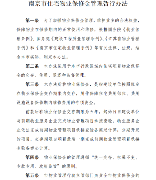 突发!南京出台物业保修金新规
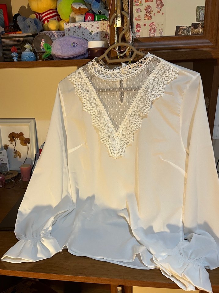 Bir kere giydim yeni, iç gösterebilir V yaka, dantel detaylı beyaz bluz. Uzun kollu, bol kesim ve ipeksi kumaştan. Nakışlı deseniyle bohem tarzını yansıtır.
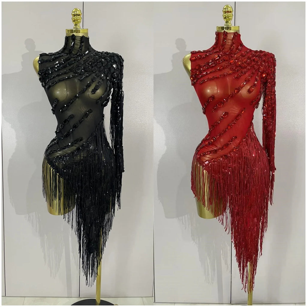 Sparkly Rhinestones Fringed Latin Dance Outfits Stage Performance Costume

■ ■ ■ ■ ■ ■ ■

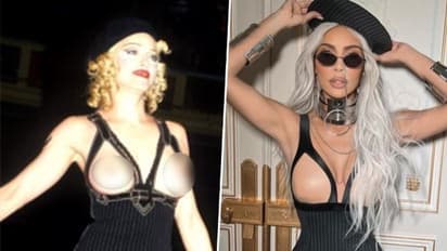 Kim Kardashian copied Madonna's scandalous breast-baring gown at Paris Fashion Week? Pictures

■ ■ ■ ■ ■ ■ ■

Print nothing except the lines above from the one containing "突发!南京出台物业保修金新规" down to the one containing "Sparkly Rhinestones Fringed", both included, exactly as written and free of pictures.

§ **ANSWER TO THIS EXERCISE**:
 突发!南京出台物业保修金新规
 Bir kere giydim yeni, iç gösterebilir V yaka, dantel detaylı beyaz bluz. Uzun kollu, bol kesim ve ipeksi kumaştan. Nakışlı deseniyle bohem tarzını yansıtır.
 Sparkly Rhinestones Fringed Latin Dance Outfits Stage Performance Costume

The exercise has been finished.